**Given records**
______

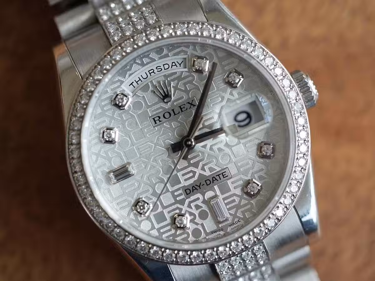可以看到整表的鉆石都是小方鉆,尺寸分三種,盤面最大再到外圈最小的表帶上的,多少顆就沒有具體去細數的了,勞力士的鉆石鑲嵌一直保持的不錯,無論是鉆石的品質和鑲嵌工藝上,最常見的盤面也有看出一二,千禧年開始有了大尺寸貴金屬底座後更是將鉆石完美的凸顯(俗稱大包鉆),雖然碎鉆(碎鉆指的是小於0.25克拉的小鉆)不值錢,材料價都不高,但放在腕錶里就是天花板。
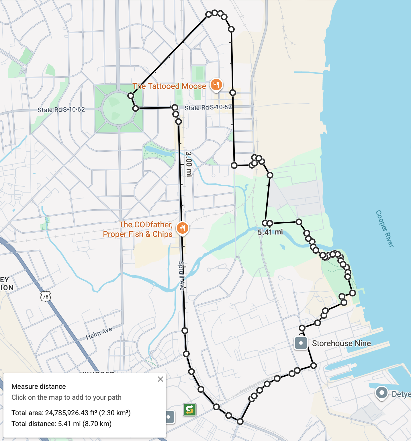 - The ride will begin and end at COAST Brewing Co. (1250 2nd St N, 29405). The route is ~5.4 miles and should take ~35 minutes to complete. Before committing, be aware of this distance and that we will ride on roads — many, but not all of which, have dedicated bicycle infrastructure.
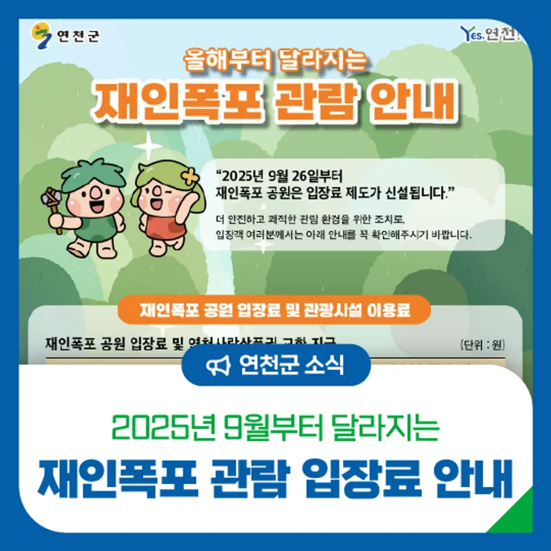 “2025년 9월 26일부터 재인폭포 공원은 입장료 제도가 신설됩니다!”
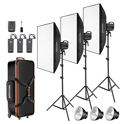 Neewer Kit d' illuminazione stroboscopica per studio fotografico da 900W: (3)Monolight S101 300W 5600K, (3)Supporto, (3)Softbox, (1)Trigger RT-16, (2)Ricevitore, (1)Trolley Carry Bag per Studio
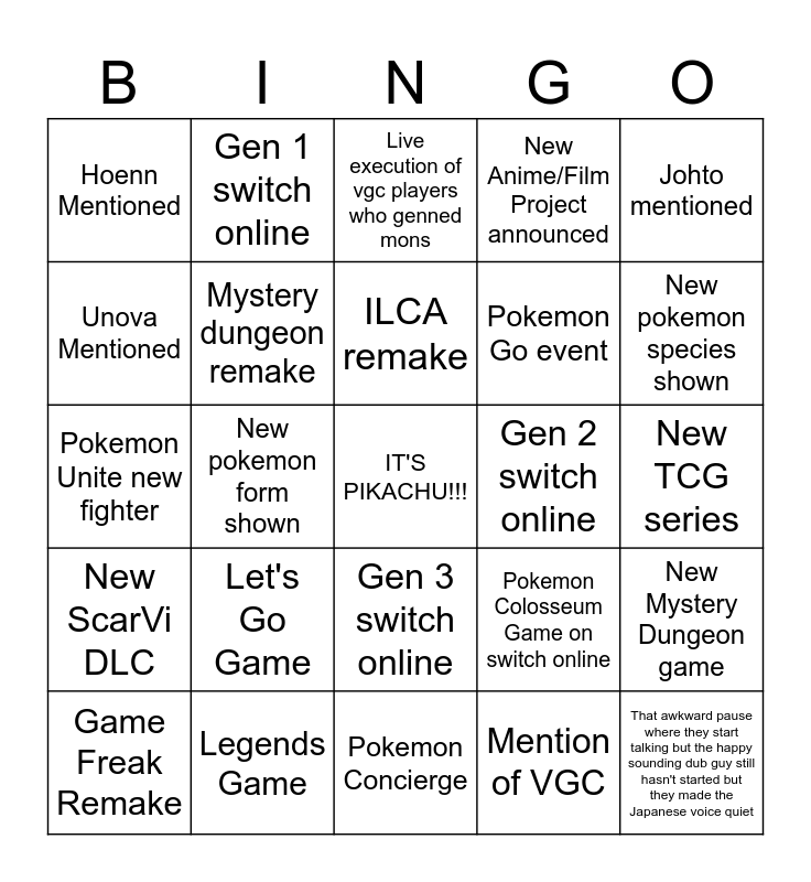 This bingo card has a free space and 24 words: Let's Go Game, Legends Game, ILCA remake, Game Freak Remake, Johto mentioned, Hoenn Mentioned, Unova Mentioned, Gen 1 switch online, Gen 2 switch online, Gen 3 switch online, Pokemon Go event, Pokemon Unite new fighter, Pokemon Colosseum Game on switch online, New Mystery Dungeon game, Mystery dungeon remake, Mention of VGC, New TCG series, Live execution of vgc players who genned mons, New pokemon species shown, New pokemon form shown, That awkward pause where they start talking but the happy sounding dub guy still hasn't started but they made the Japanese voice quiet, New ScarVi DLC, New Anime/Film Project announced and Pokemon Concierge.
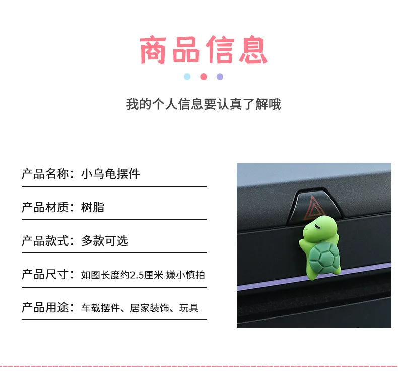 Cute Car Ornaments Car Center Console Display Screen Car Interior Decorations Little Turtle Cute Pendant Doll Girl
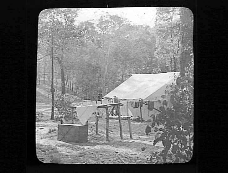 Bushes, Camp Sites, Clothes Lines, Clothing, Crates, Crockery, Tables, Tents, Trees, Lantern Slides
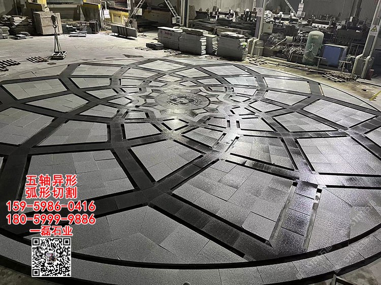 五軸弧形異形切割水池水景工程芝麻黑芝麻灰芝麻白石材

______

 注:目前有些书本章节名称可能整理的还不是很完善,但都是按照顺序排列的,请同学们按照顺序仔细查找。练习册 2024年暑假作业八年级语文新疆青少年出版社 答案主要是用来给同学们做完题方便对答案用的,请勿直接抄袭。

______

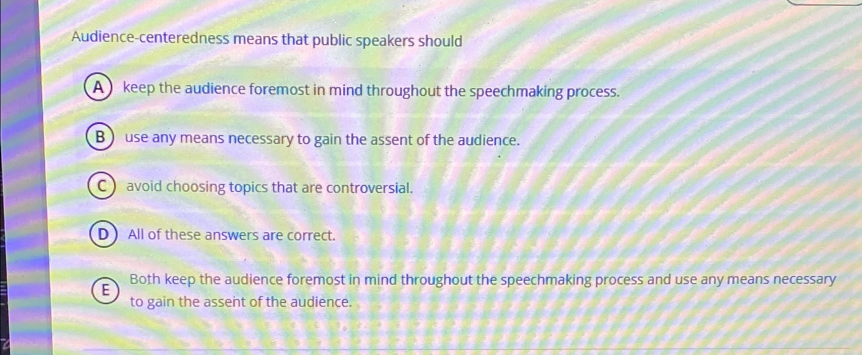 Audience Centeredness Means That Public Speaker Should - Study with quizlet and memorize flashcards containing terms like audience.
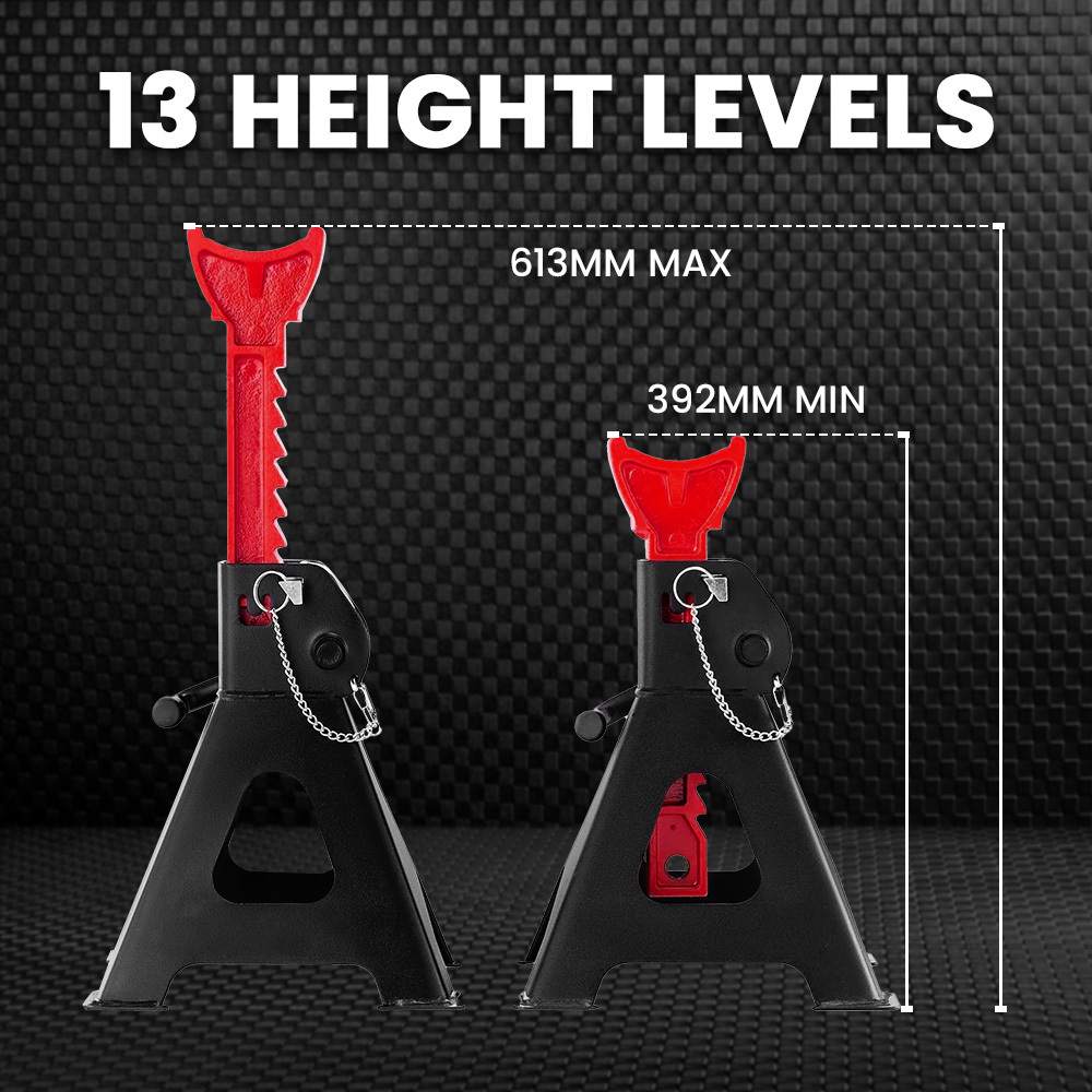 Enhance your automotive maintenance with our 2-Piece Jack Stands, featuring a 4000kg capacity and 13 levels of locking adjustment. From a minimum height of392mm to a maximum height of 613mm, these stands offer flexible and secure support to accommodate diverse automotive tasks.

______

**Exercise prompt**
Starting at the line above that holds "可以看到整表的鉆石都是小方鉆", return each line up to and including the one that holds "Neewer Kit d'", exactly as written, minus any pictures.

**Problem solution**
可以看到整表的鉆石都是小方鉆,尺寸分三種,盤面最大再到外圈最小的表帶上的,多少顆就沒有具體去細數的了,勞力士的鉆石鑲嵌一直保持的不錯,無論是鉆石的品質和鑲嵌工藝上,最常見的盤面也有看出一二,千禧年開始有了大尺寸貴金屬底座後更是將鉆石完美的凸顯(俗稱大包鉆),雖然碎鉆(碎鉆指的是小於0.25克拉的小鉆)不值錢,材料價都不高,但放在腕錶里就是天花板。
 - The ride will begin and end at COAST Brewing Co. (1250 2nd St N, 29405). The route is ~5.4 miles and should take ~35 minutes to complete. Before committing, be aware of this distance and that we will ride on roads — many, but not all of which, have dedicated bicycle infrastructure.
 “2025년 9월 26일부터 재인폭포 공원은 입장료 제도가 신설됩니다!”
 Neewer Kit d' illuminazione stroboscopica per studio fotografico da 900W: (3)Monolight S101 300W 5600K, (3)Supporto, (3)Softbox, (1)Trigger RT-16, (2)Ricevitore, (1)Trolley Carry Bag per Studio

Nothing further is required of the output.